[[ INFORMATION open ]]
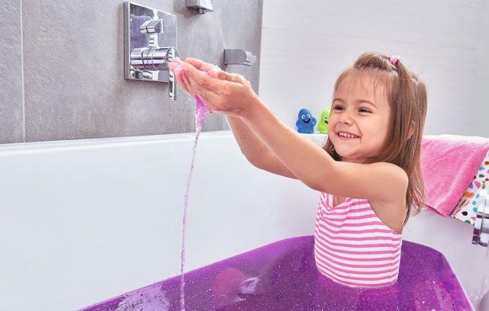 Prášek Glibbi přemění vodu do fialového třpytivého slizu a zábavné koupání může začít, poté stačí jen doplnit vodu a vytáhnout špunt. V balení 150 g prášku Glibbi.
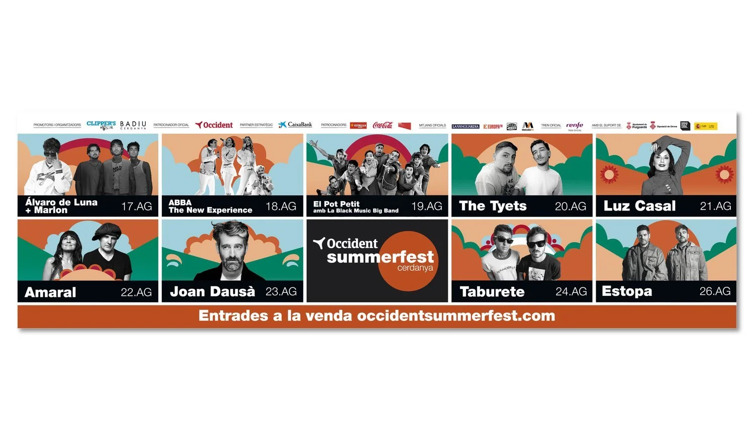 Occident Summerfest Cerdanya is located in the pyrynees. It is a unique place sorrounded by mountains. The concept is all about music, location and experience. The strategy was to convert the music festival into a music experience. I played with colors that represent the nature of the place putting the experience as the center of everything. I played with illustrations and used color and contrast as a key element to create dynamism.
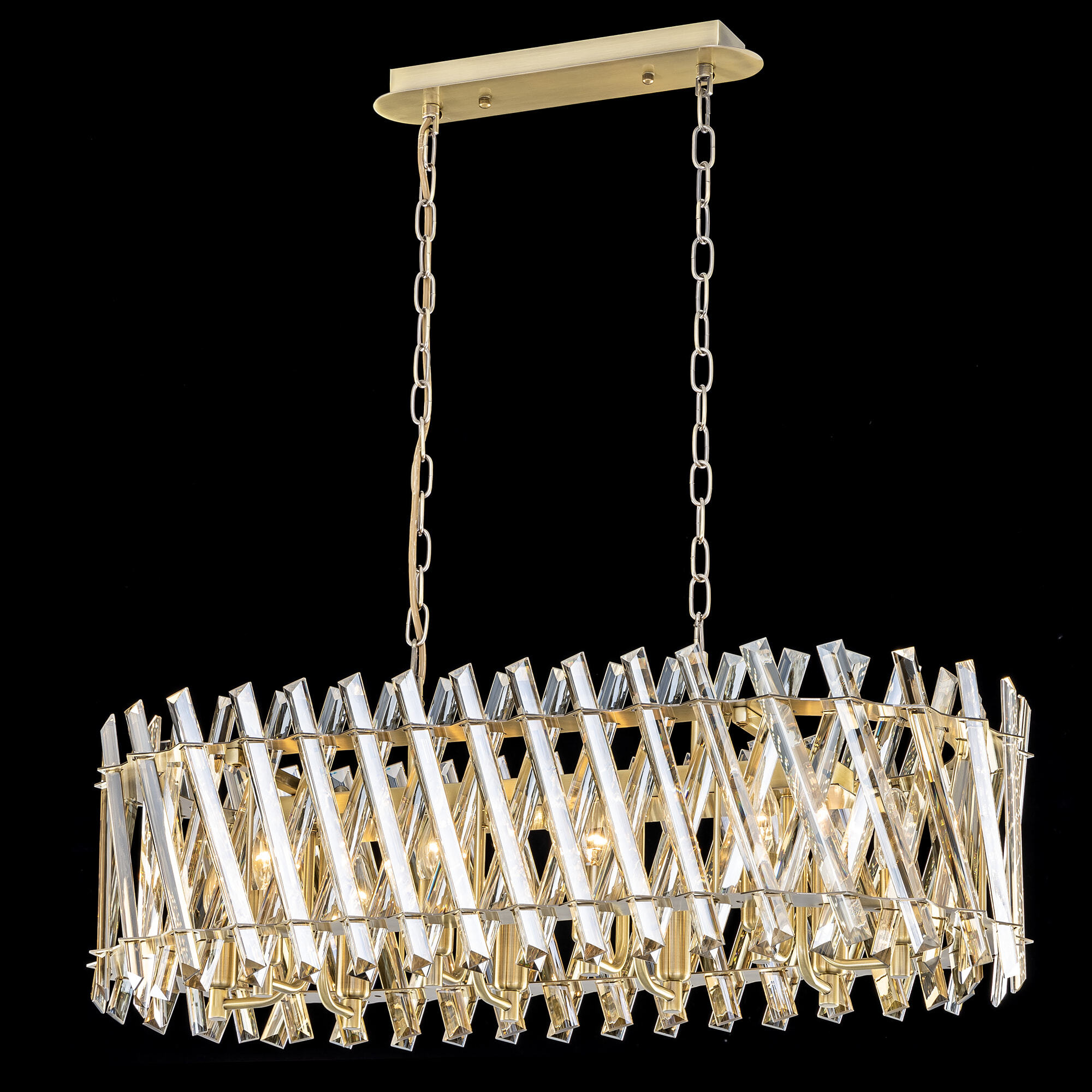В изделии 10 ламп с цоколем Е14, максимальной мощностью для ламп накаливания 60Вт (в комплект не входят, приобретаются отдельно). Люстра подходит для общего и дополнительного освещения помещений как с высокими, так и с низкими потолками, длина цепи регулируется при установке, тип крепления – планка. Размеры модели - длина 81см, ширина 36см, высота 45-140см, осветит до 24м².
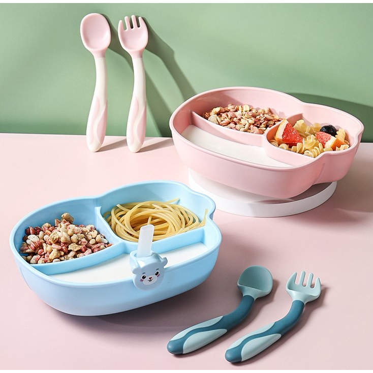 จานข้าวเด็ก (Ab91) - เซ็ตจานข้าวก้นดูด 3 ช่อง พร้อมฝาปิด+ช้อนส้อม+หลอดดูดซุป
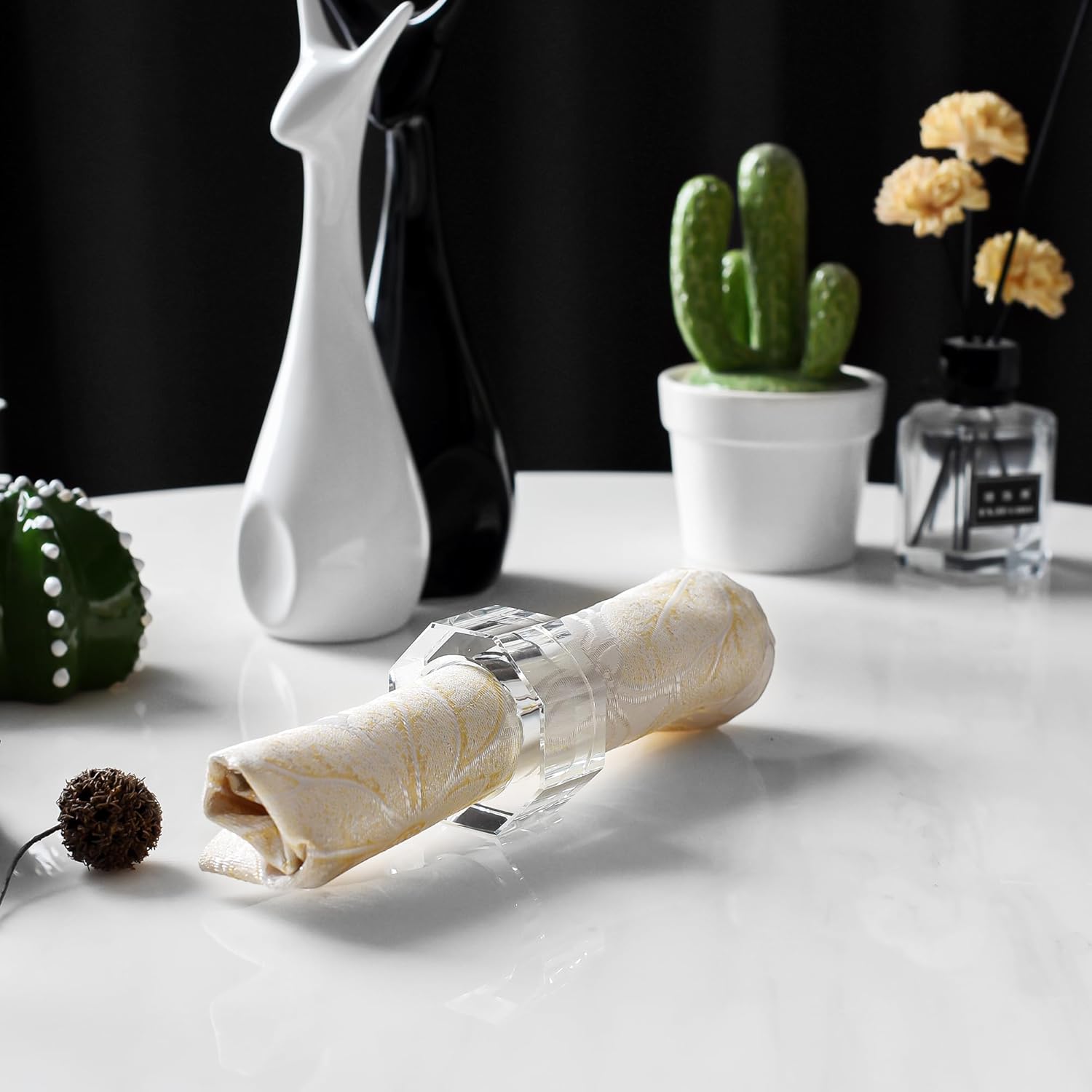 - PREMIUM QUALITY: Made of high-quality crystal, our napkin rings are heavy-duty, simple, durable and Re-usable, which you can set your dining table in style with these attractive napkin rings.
[[ INFORMATION closed ]]
Quote, exactly and only, the lines from the first line of the data above through the line containing "จานข้าวเด็ก (Ab91) - เซ็ตจานข้าวก้นดูด". The pictures do not belong in it.

■ **RESPONSE TO THE TASK**:
 Prášek Glibbi přemění vodu do fialového třpytivého slizu a zábavné koupání může začít, poté stačí jen doplnit vodu a vytáhnout špunt. V balení 150 g prášku Glibbi.
 Occident Summerfest Cerdanya is located in the pyrynees. It is a unique place sorrounded by mountains. The concept is all about music, location and experience. The strategy was to convert the music festival into a music experience. I played with colors that represent the nature of the place putting the experience as the center of everything. I played with illustrations and used color and contrast as a key element to create dynamism.
В изделии 10 ламп с цоколем Е14, максимальной мощностью для ламп накаливания 60Вт (в комплект не входят, приобретаются отдельно). Люстра подходит для общего и дополнительного освещения помещений как с высокими, так и с низкими потолками, длина цепи регулируется при установке, тип крепления – планка. Размеры модели - длина 81см, ширина 36см, высота 45-140см, осветит до 24м².
 จานข้าวเด็ก (Ab91) - เซ็ตจานข้าวก้นดูด 3 ช่อง พร้อมฝาปิด+ช้อนส้อม+หลอดดูดซุป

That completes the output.